SOURCE RECORDS:
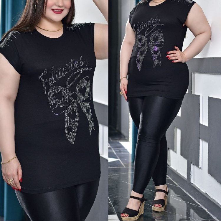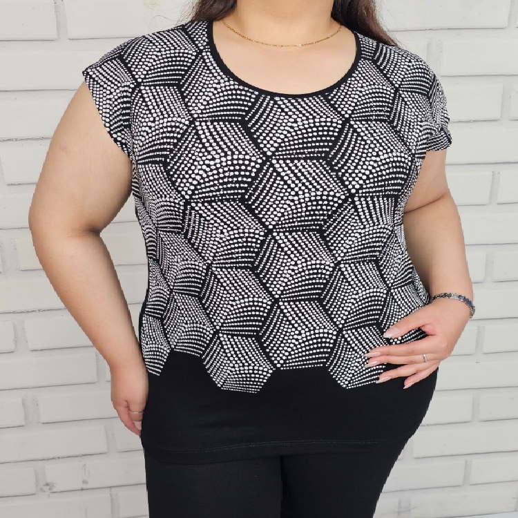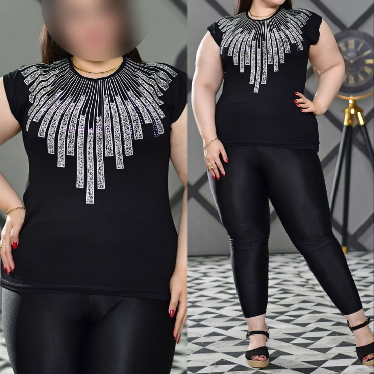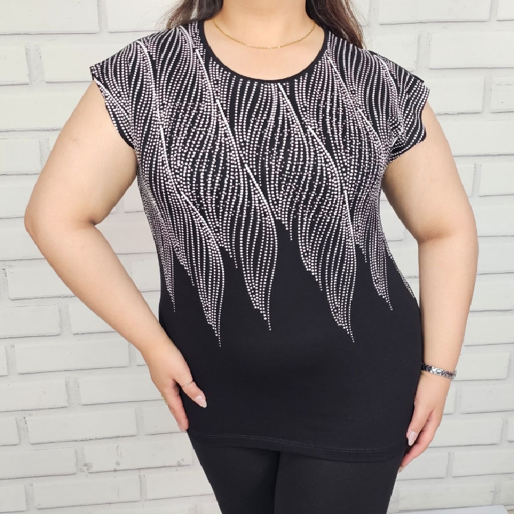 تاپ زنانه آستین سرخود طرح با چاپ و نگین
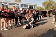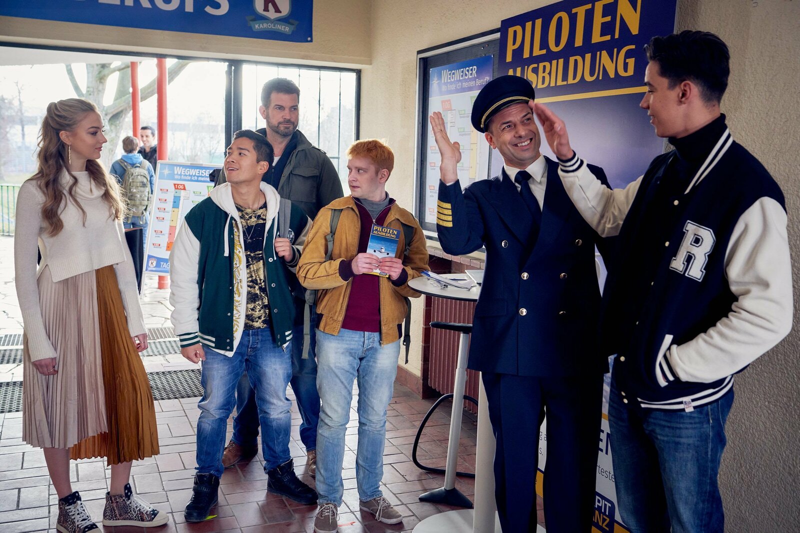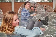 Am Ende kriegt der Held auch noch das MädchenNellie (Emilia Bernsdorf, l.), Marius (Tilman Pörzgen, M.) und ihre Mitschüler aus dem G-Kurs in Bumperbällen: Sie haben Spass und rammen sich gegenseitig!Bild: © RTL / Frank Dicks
==
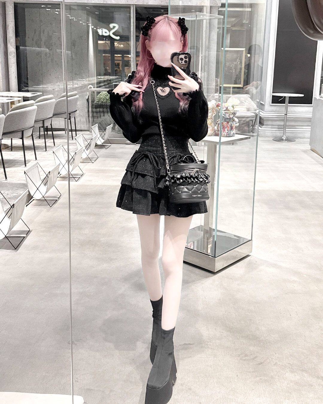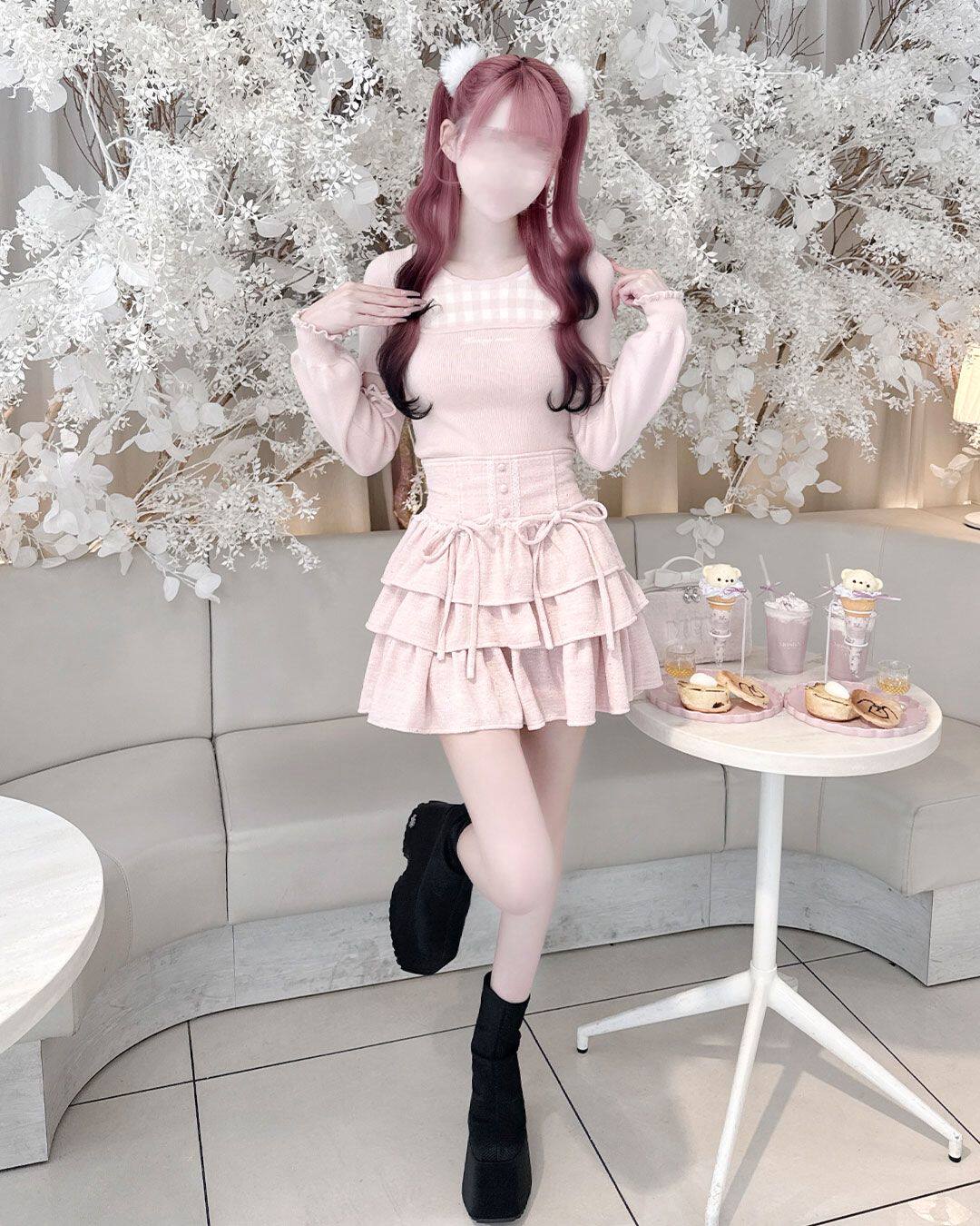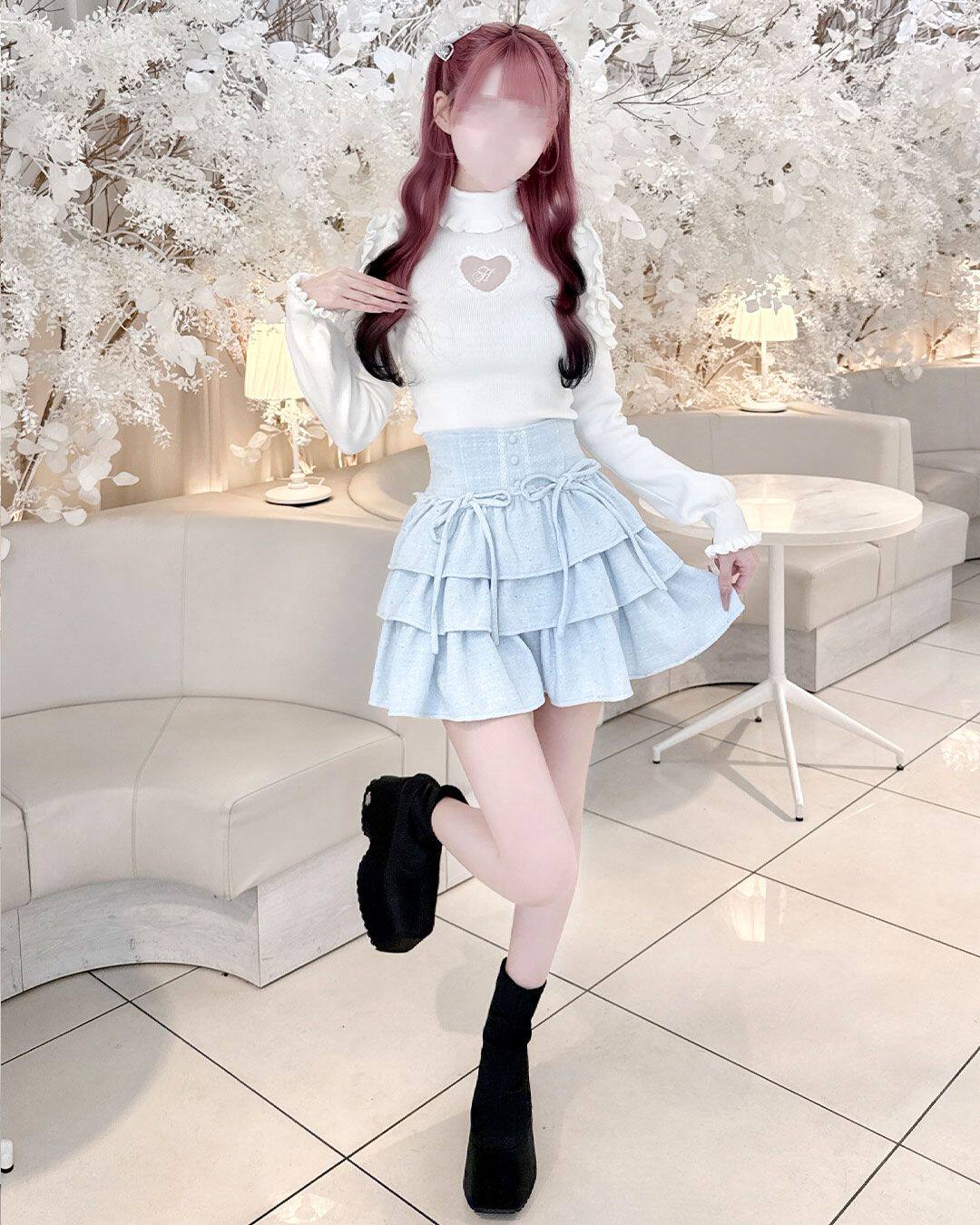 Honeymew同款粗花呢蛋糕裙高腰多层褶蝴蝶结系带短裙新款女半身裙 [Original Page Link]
---
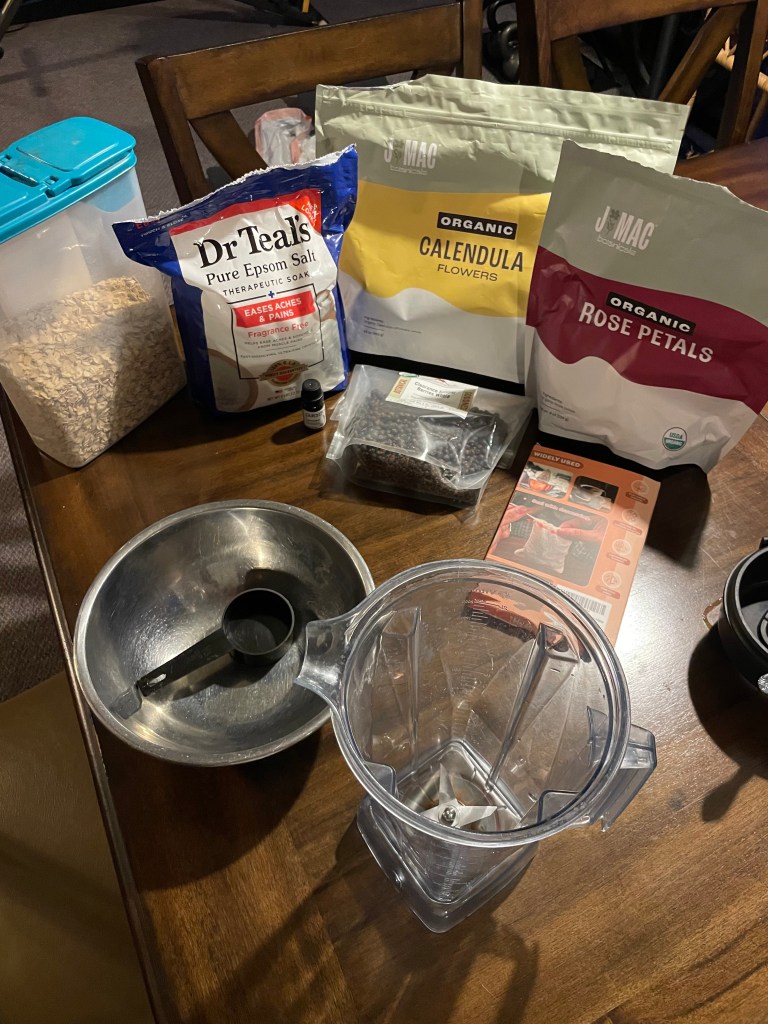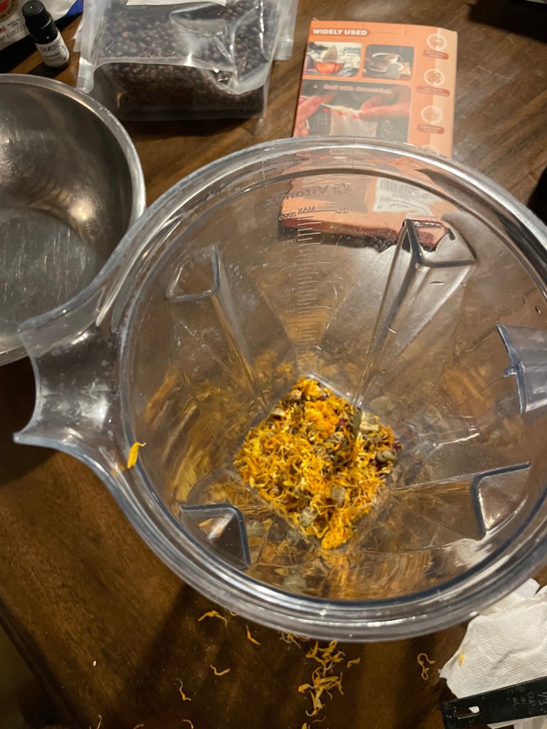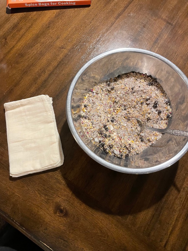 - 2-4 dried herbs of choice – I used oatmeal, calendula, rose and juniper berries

ASSIGNMENT: Print everything from the line with "تاپ زنانه آستین سرخود طرح با چاپ و نگین" down to the line with "Am Ende kriegt" in the entries above, both lines included and nothing more, without the pictures.

WRITTEN RESPONSE:
 تاپ زنانه آستین سرخود طرح با چاپ و نگین
 Am Ende kriegt der Held auch noch das MädchenNellie (Emilia Bernsdorf, l.), Marius (Tilman Pörzgen, M.) und ihre Mitschüler aus dem G-Kurs in Bumperbällen: Sie haben Spass und rammen sich gegenseitig!Bild: © RTL / Frank Dicks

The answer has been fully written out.